Your mom just sent me this site. You've kept a wonderful journal through this incredible ordeal. Give Max a big squeeze for me. I'm smiling at the thought of you guys moving to the front of the long lines. Ha! Hardly a bargain, but it's something! Take care and know I send you and Max love and light everyday. Love, Rad
Bill Lulias
Bill Lulias
Heather and Iron Max,


Many prayers for you Max and momma Heather too.  Stay strong embrace the Love and I can't wait too see the pictures of you running around.  You will be older when you read this Max and there are few moments of joy that you always remember, I remember holding your mother in my arms 40 years ago and I'll wait for the joy of reading your response to this message.  The beauty in life is with those who you share the journey.

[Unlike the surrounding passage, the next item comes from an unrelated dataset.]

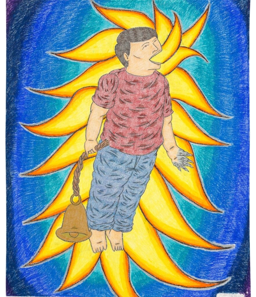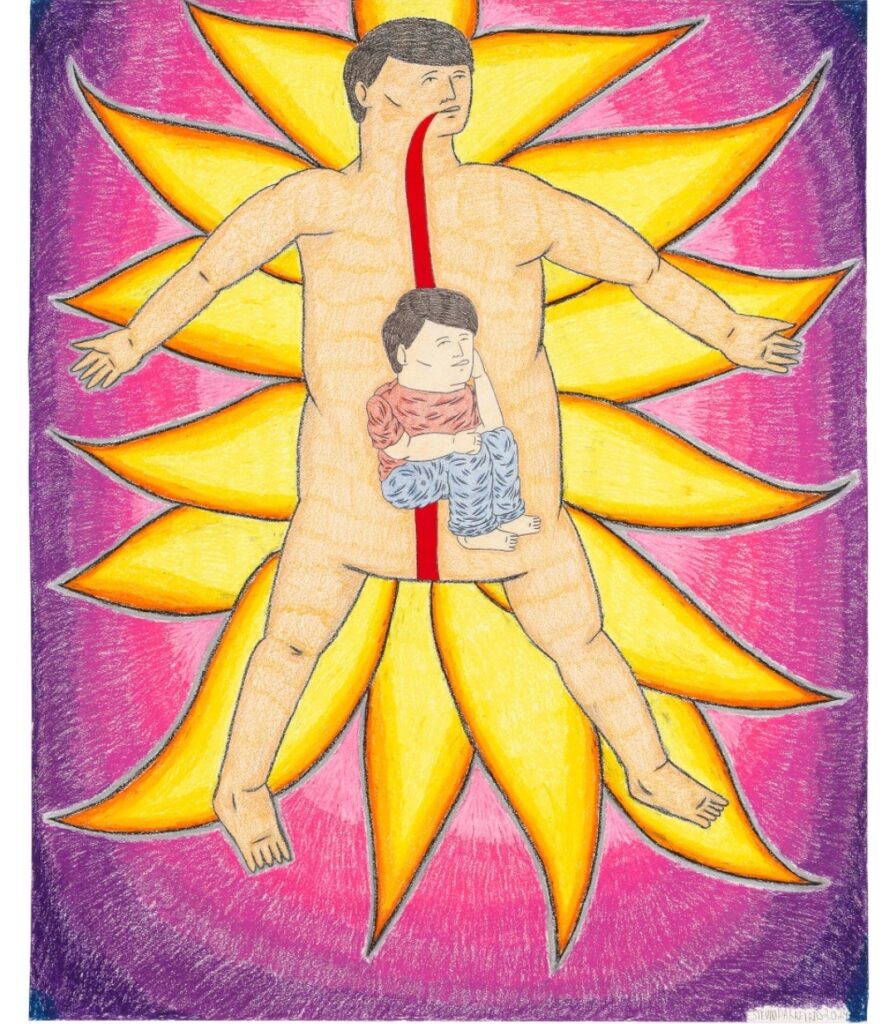 Essas figuras estão relacionadas com elementos como anjos, serpentes, auréolas, corações, estrelas e montanhas, numa justaposição de signos que remetem à fé católica, mas também à natureza.

Love , hugs, kisses......"Wild Bill"   
Michael Duncan
Michael Duncan
Hey guys, heard about Max's story on Orangebloods so I started reading your CaringBridge. I posted there already but my wife and I know what you're going through. We recently (august) finished 133 weeks of treatment for our youngest daughter who is 20 now. She was originally diagnosed when she was Max's age with leukemia and went through 123 weeks. Then "got it again" 13 years later so we've known children's cancer quite a bit over the years. We always hate to tell families she had it twice because it scares them. Let me just say she had a completely different type plus what happened with her is extremely rare. Her doctors at TCH had never seen it before her so don't worry.

You have your little guy in the best place and I'm sure he will be fine. We completely understand your fears about how he will handle it weeks from now and all kids are different but most have no problem with that. Kids are just so resilient. Just look at all those kids the next time you're in clinic. How many are smiling and laughing and just being kids. And then realize that most of them have been doing this for months or even years and have already been through more than most adults can handle. They just take it in stride.

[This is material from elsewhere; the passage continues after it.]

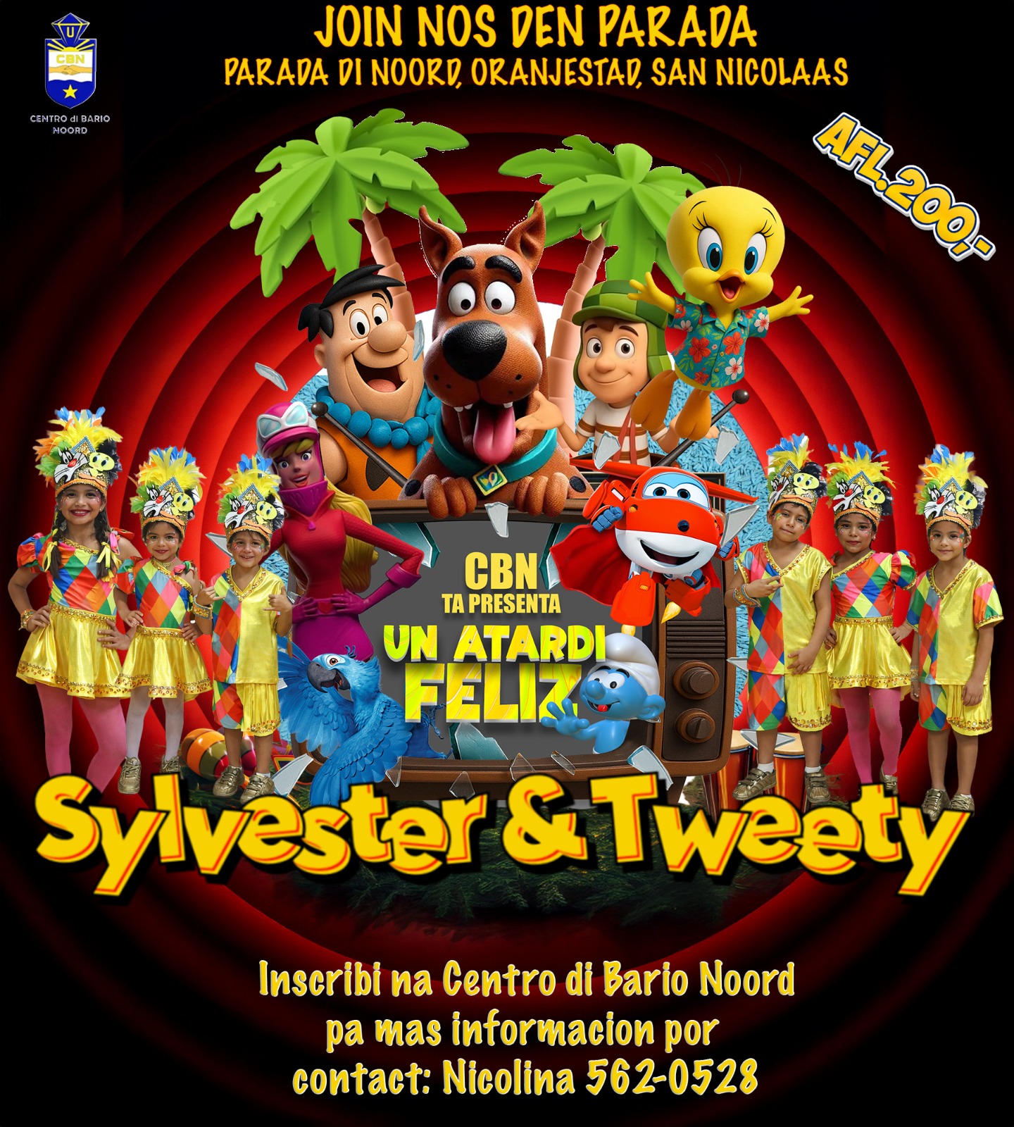 Nos tema di grupo di Carnaval ta “Un Atardi Feliz” y lo concentra e.o. riba comequitas. E tema di nos massa ta “Tweety y Sylvester”. Nos ta participando den tur 3 Parada di Mucha y participacion den massa ta Afl. 200,- pa cada mucha. Nos cede na Centro di Bario Noord ta habri di dialuna pa diabierna di 6or pa 9or di anochi. Pa mas informacion por tuma contacto cu Nicolina na 5620528.

Devin had a big fear of needles and getting poked when she was treated at 3 but after a month or two she was asking if she could do it herself. They all do that so I'm sure Max will be fine. (Word of advice, if they want a quick blood draw and don't want to access his port, do it in the arm, not his finger. Fingers have many more nerve endings!) I also noticed that you said his jaw was hurting...probably from vincristine...heating pads work well if you can get him to sit still. Some people use little bags of corn heated up in a microwave. Those work even better as long as he isn't nauseous. If he is the last thing he'll want it the smell of popcorn that close to his face! Another thing we tell new parents, as this goes on he may get more nauseous with each dose. Tell the doctors. They really do want him to be comfortable and there are many different meds they can give him but won't step up to the next one until you tell them what he's taking isn't cutting it.

The main thing we wanted to tell you is to look into the Sunshine Kids. It's a fantastic organization for kids with cancer (and their parents) they have various parties and events that really help these kids forget about the "treatment" and just be a kid. The best thing I can say about them is that Devin, my daughter, went through 2 1/2 years of chemo when she was Max's age and looking back at that time in her life, mostly all she could remember was the fun things she did with SSK! True story, they're that good. So get an application at clinic or better yet just call them up and ask for Jennifer or Rita and tell them Devin's parents, or just Devin for that matter told you to call. We've known them a long time and have sent many kids (too many) their way. I promise you won't be sorry.

Other than that, just hang in there. I always said I could handle anything except something happening to one of my kids...until it did. It was a kick in the gut at first but you adapt and just keep plugging away taking things as they come and next thing you know you're doing it.